As technology brings the world's cultures together and artists/choreographers continue to push the creative envelope, there are more types of dance classes now than ever before. Don't let all the options overwhelm you, but don't limit yourself to stereotypes either!

There are many different types of dance, but the fundamentals are often very similar. Read on to learn about each general genre and find out which one is most compatible with your personality and interests. 

Ballet

Graceful, elegant, precise, delicate: if these words describe you, ballet might be the perfect fit.

With classical European roots and a vocabulary that's still completely French, ballet has a long tradition of developing dancers who look weightless and effortless as they pull off difficult spins, extensions, and footwork.

But it's far from easy, so if you fall in love with formal ballet, you'll need to decide whether you want to make a serious commitment. Every professional ballet dancer has years of intense training behind him or her.

Even if you don't have perfect posture or long, flexible legs, ballet's structure and symmetry translates easily into other schools of dance. Ballet fusion, for example, takes musical and choreographic cues from wildly different genres, infusing traditional lines with influences that range from modern dance to Motown.

Contemporary, Modern and Jazz

Modern might look more casual than ballet, but these types of dance classes also incorporate very careful, specific choreography. Modern dance actually emerged a long time ago, when choreographers learned to treat the human body as a versatile tool that can be shaped and molded through dance.

From Martha Graham's whole-body breathing exercises to today's high-concept, contemporary performances, modern dance continues to challenge traditional notions of movement and art.

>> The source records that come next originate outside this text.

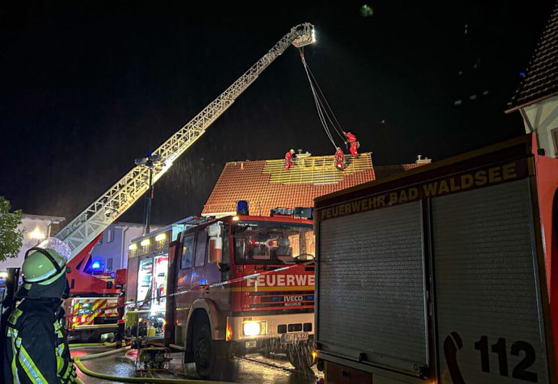 Bad Waldsee – Hoher Sachschaden entstand am Freitagabend bei einem Dachstuhlbrand in einer Doppelhaushälfte im Buchenweg in Bad Waldsee. Verletzt wurde niemand.
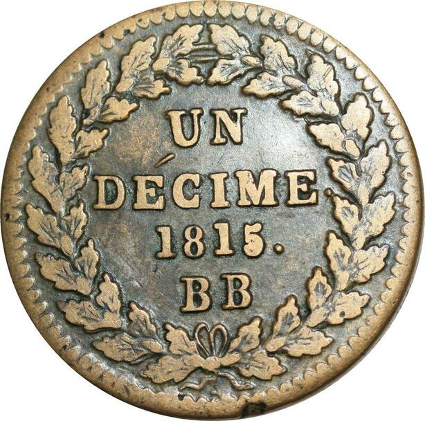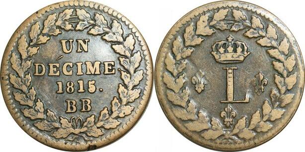 O9478 Rare France Un Décime Louis XVIII L couronné 1815 BB Strasbourg .. ->Make offer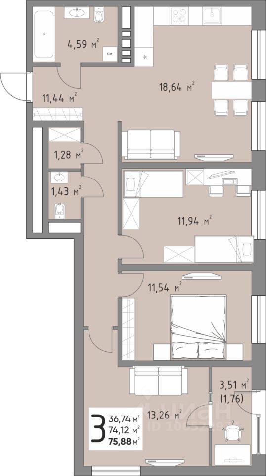 Продается 3-комнатная квартира площадью 75,88 кв. м на 5 этаже в новом современном клубном квартале от строительной компании "КОНТИНЕНТ ГРУПП".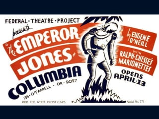 This document provides a detailed summary of the play The Emperor Jones by Eugene O'Neill. It describes the plot, characters, themes, and context of the play. Specifically, it discusses that the play tells the story of Brutus Jones, a former train porter who becomes the emperor of a Caribbean island but must escape into the jungle during a revolution. As he navigates the forest, he experiences haunting hallucinations from his traumatic past. The themes explored include the impact of past trauma, the legacy of slavery, racism, the fall of a corrupt ruler, and Jones as a tragic hero.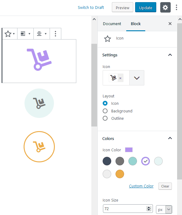 Das Getwid-Plug-in verwendet Font Awesome-Symbole, die automatisch das Design (Stilgröße) von jedem Gutenberg-fähigen Design übernehmen, das Sie möglicherweise verwenden, und Sie können zusätzlich die bevorzugte Farbe aus einer Farbpalette einer Designmarke auswählen. Dadurch fügen sich Symbole viel einfacher in Ihr gesamtes Themendesign ein.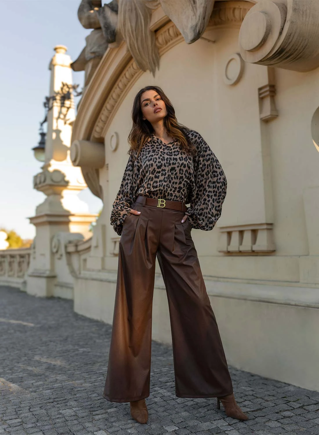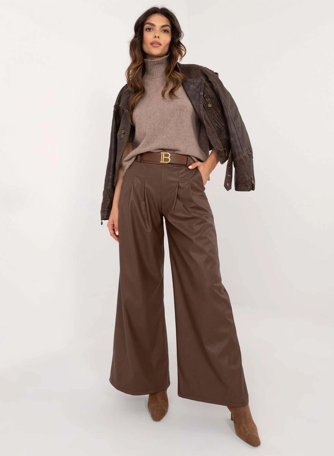 Pantalone Marrone In Finta Pelle A Zampa

Meanwhile, jazz dance has also evolved throughout the decades, following and embodying popular music trends. From New Orleans jazz clubs to Michael Jackson's iconic music videos, jazz dance is still a dynamic, current, and high-energy option that's perfect for music lovers and natural athletes.

Ballroom Dance

From Dancing with the Stars to Silver Linings Playbook, ballroom dancing has officially arrived on the pop culture stage. If you're revisiting your dancing shoes as an adult, this is a great place to start.

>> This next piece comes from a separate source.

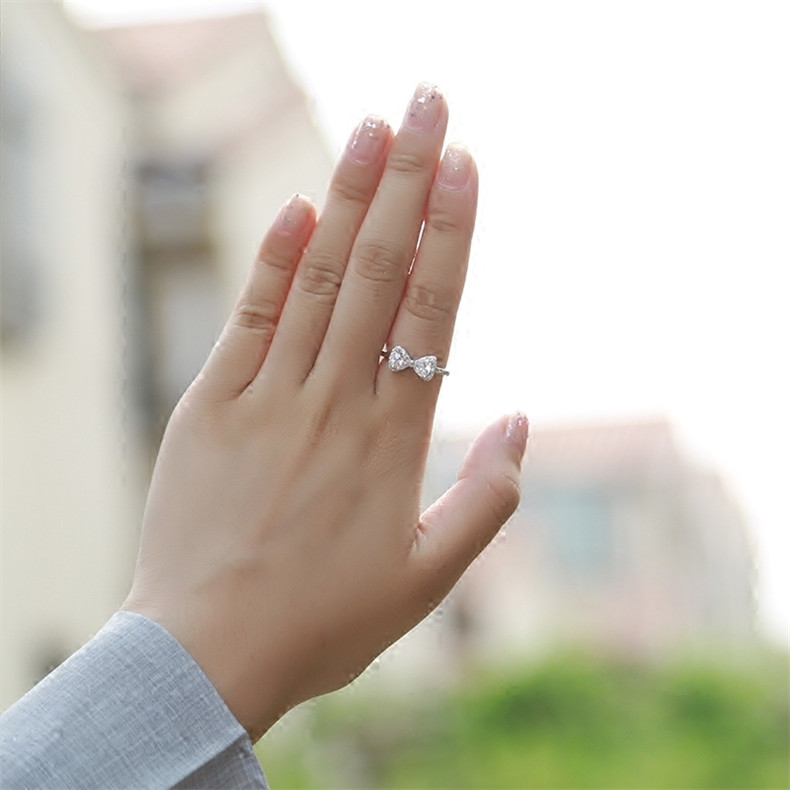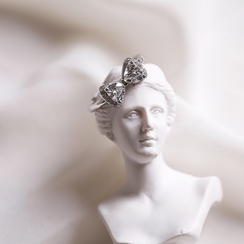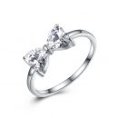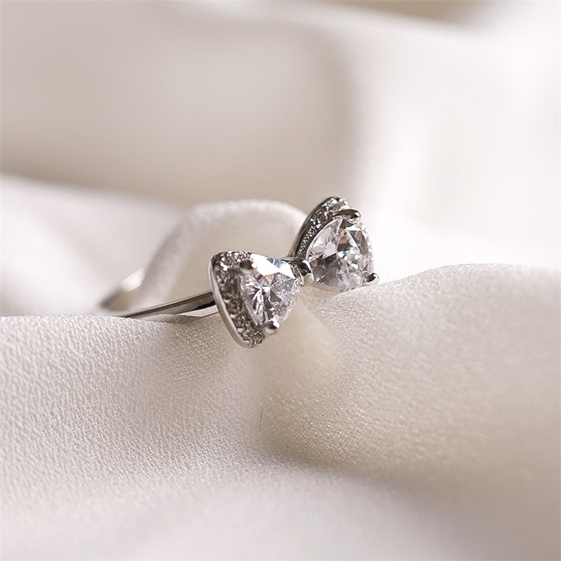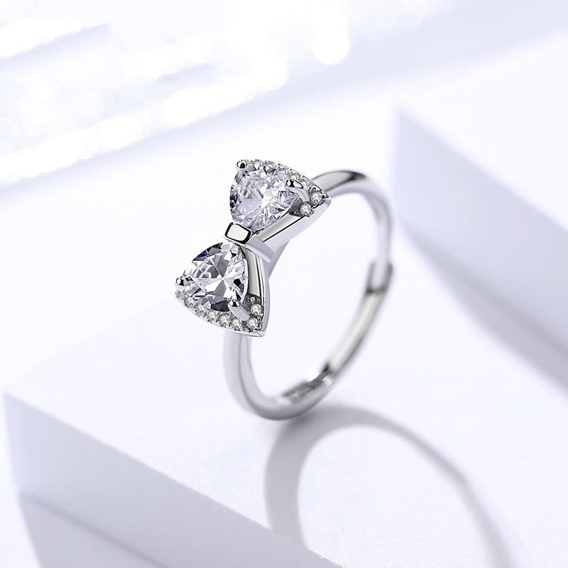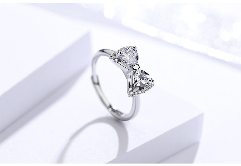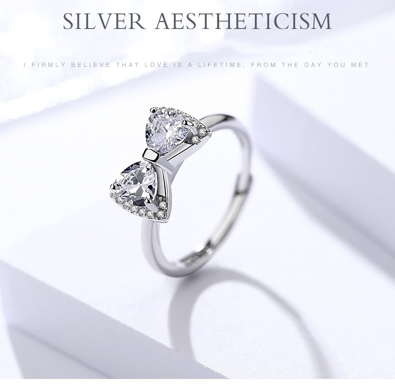 【蝴蝶結】韓國超甜蝴蝶結元素s925純銀電鍍白金鑲AAA級真火彩鋯鉆開口戒指

As you learn foot sequences and how to lead or follow, your instructor will help fine-tune your posture and sense of rhythm. These dance lessons are usually more casual than solo sessions in a professional studio, and because students have to pair off to rehearse their steps, you get the added bonus of socializing. Classes can be romantic bonding experiences for couples, or give single students a chance to connect with new friends.

Theatrical Dance

Theatrical instruction is an excellent way to channel physical energy and tap into your natural storytelling talents. It's one of the best types of dance for those who thrive on constant sensory stimulation; props, costumes, music, and backgrounds are important elements of the theatrical dance performance.

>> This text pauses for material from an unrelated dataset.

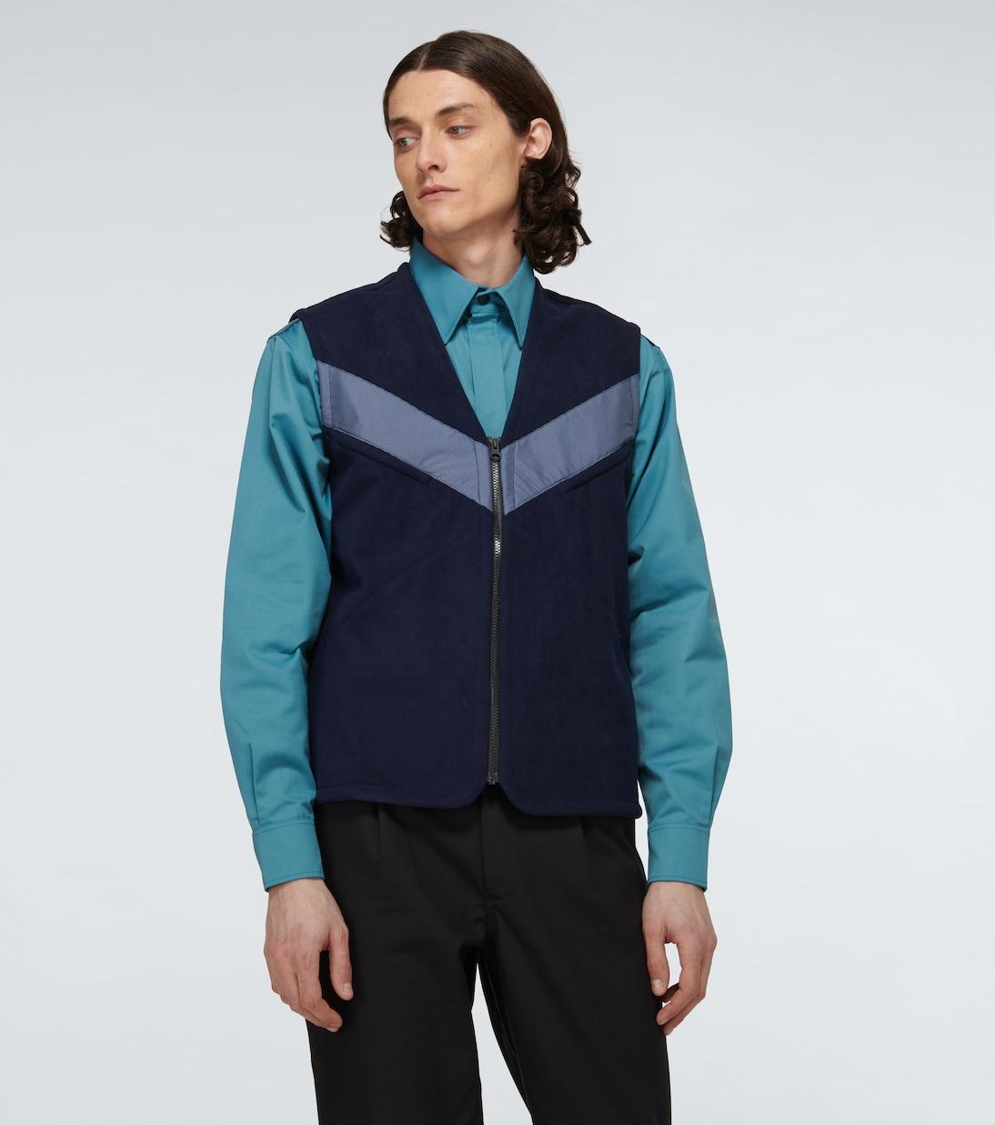 Этот темно-синий ветрозащитный жилет от GR10K по форме напоминает транспортную спецодежду, имеет молнию спереди и контрастную полоску из огнестойкой ткани GORETEX PYRAD, которую часто можно увидеть на форме правоохранительных органов.

Of course, choreographers also incorporate these to complement a ballet's themes — or to highlight a jazz routine's musical accompaniment — but for theatrical purposes, the colors and textures onstage are often just as important as the choreography.

And Many More

These are just a few of the many dance styles you can learn, but there are many more such as hip hop dance, tap, belly dancing and so on.

Some types of dance are a perfect fit from the very first lesson, but don't be afraid to step outside your comfort zone. Cover your bases and sign up for two or three different types of dance classes, if you're interested in multiple styles.

Improvisation exercises in modern dance class can unleash the creative potential and inner confidence of a quiet, reserved dancer. And the structured nature of ballet choreography can help restless dancers improve their focus and control. Have fun, and you'll find your niche soon enough!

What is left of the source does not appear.